[Problem requirements]
What the task requires is an exact printout of the listing below, pictures excluded.

[Input data]
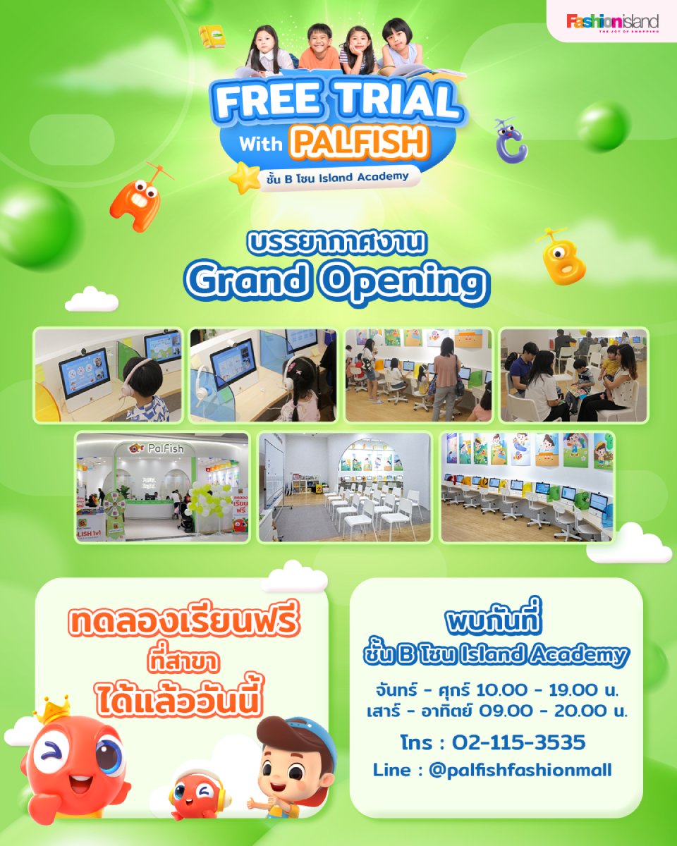บริษัท PalFish Thailand จัดกิจกรรม Grand Opening PalFish Flagship store แห่งแรกในประเทศไทย ณ ศูนย์การค้า Fashion Island ชั้น 3 โซน Island Academy ซึ่งเป็นศูนย์การเรียนรู้ภาษาอังกฤษ สำหรับน้องๆ อายุตั้งแต่ 3-15 ปี ด้วยการใช้นวัตกรรมแอปพลิเคชันเรียนภาษาอังกฤษ ที่จะทำให้น้องๆ ได้เรียนกับครูต่างชาติแบบส่วนตัวแบบ 1 ต่อ 1
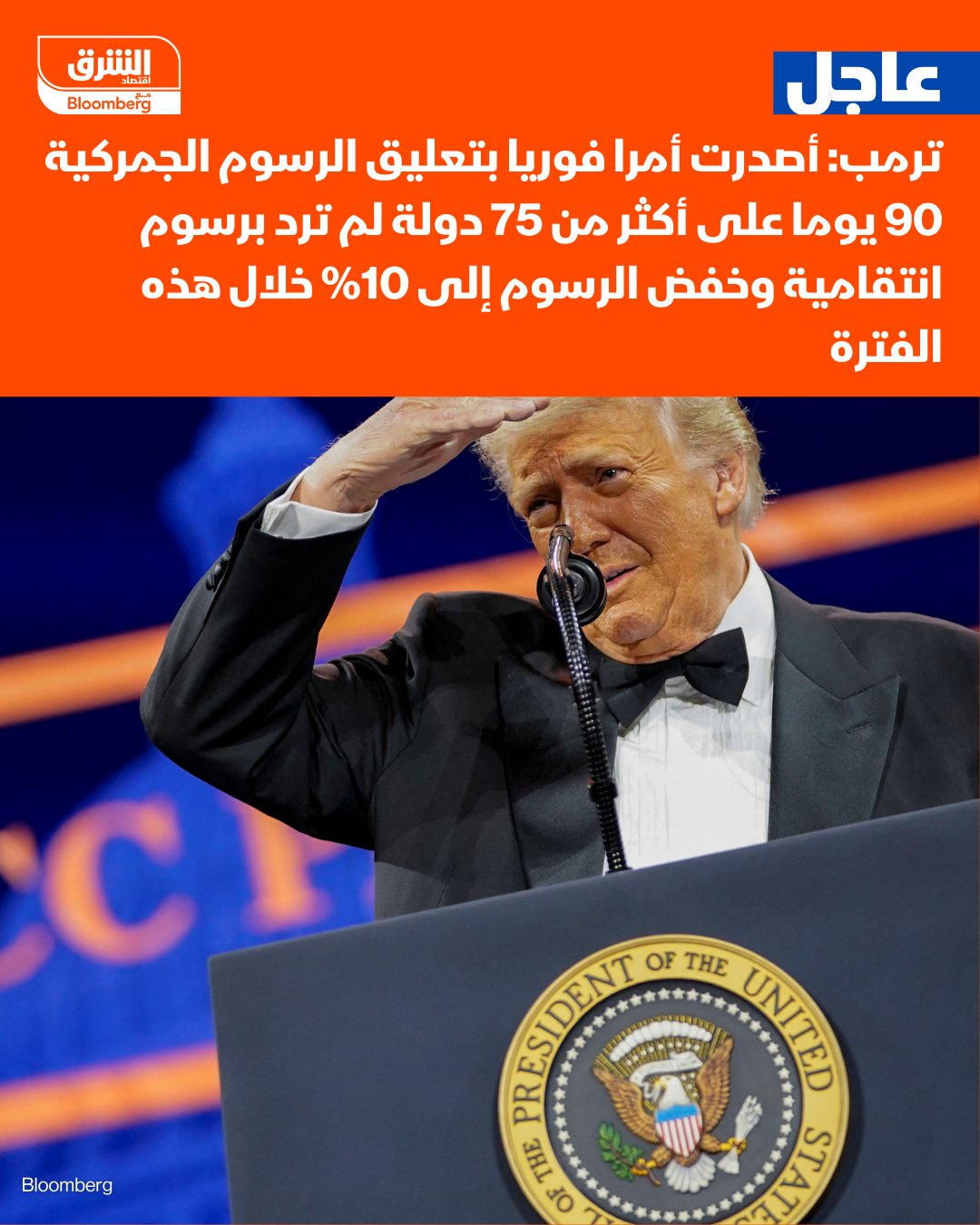 عاجل ترمب: أصدرت أمرا فوريا بتعليق الرسوم الجمركية 90 يوما على أكثر من 75 دولة لم ترد برسوم انتقامية وخفض الرسوم إلى 10% خلال هذه الفترة #اقتصاد_الشرق
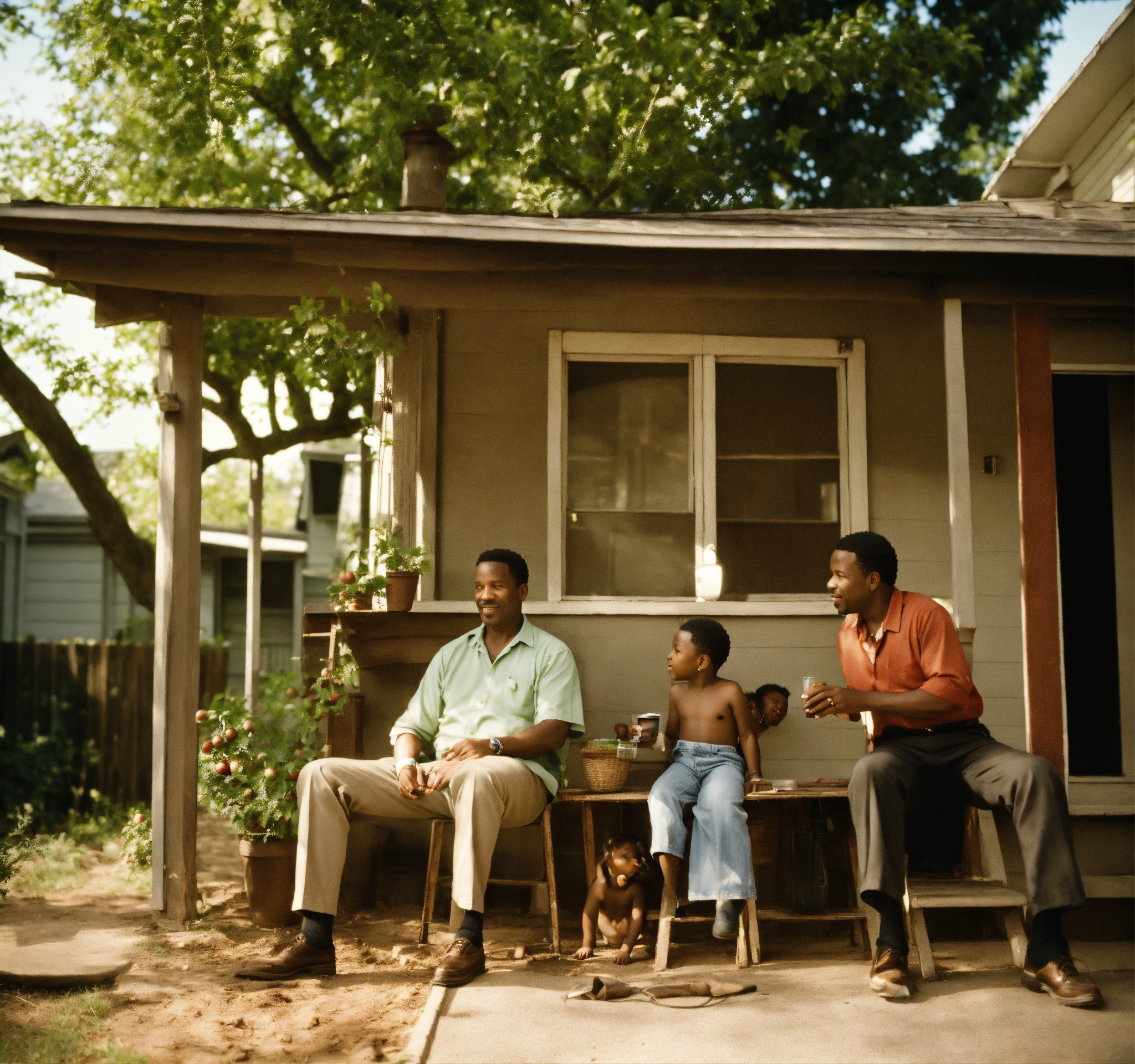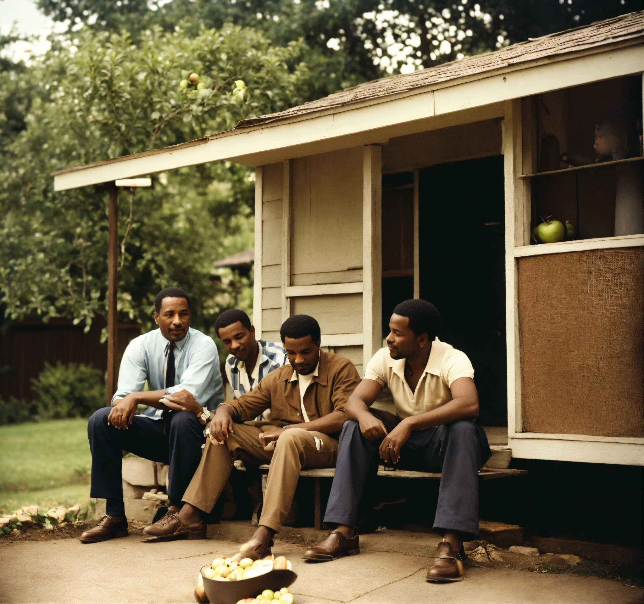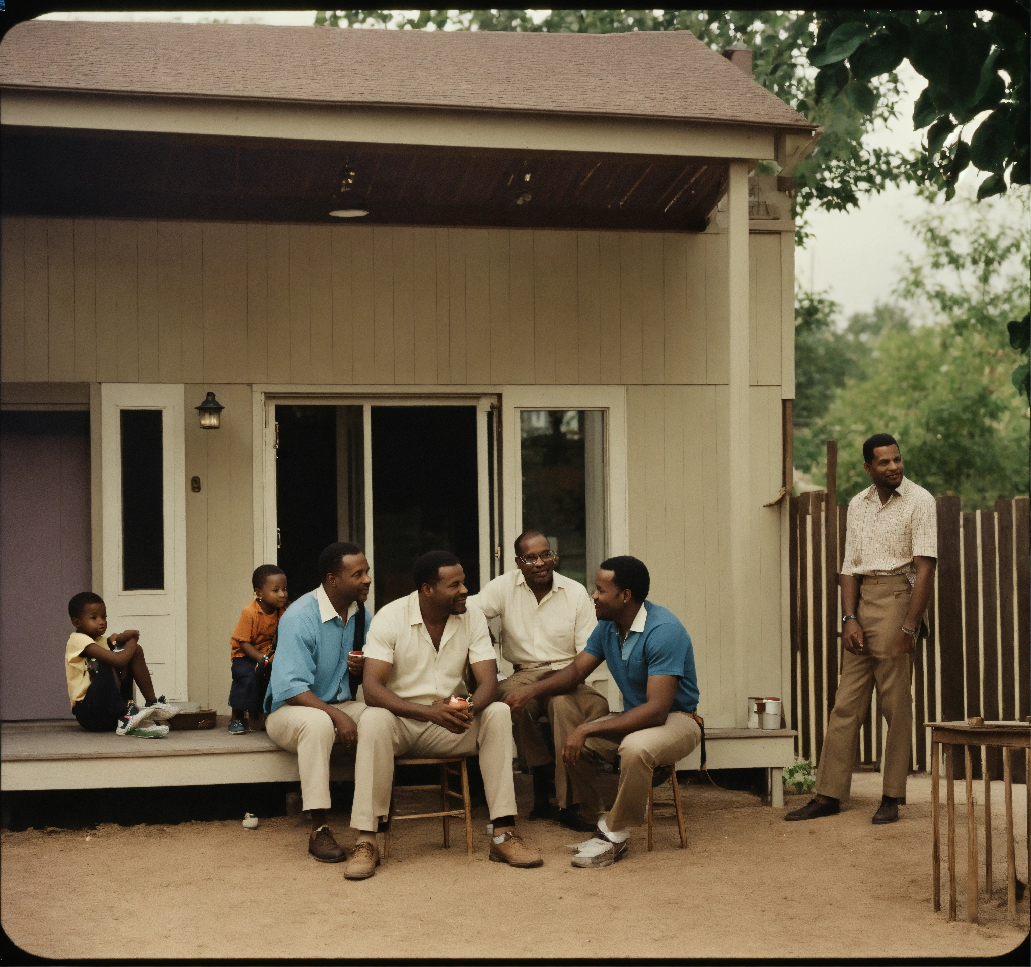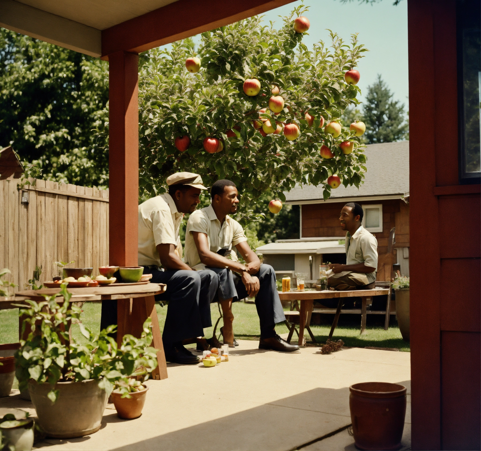 Setting 1960s backyard and porch of a urban home. in the foreground a medium-skinned 55-year-old man is seated on the porch. he is holding a brown-skinned five-year-old on his lap. in the background two black men are having a conversation by themselves. they stand next to a well-grown apple tree, possibly discussing it. their expressions are relaxed, indicating a casual chat. technical specifications steps 20 sampler dpm++ 2m karras cfg scale 18 desired output size 1024x960 pixels

[Solution below]
บริษัท PalFish Thailand จัดกิจกรรม Grand Opening PalFish Flagship store แห่งแรกในประเทศไทย ณ ศูนย์การค้า Fashion Island ชั้น 3 โซน Island Academy ซึ่งเป็นศูนย์การเรียนรู้ภาษาอังกฤษ สำหรับน้องๆ อายุตั้งแต่ 3-15 ปี ด้วยการใช้นวัตกรรมแอปพลิเคชันเรียนภาษาอังกฤษ ที่จะทำให้น้องๆ ได้เรียนกับครูต่างชาติแบบส่วนตัวแบบ 1 ต่อ 1
 عاجل ترمب: أصدرت أمرا فوريا بتعليق الرسوم الجمركية 90 يوما على أكثر من 75 دولة لم ترد برسوم انتقامية وخفض الرسوم إلى 10% خلال هذه الفترة #اقتصاد_الشرق
 Setting 1960s backyard and porch of a urban home. in the foreground a medium-skinned 55-year-old man is seated on the porch. he is holding a brown-skinned five-year-old on his lap. in the background two black men are having a conversation by themselves. they stand next to a well-grown apple tree, possibly discussing it. their expressions are relaxed, indicating a casual chat. technical specifications steps 20 sampler dpm++ 2m karras cfg scale 18 desired output size 1024x960 pixels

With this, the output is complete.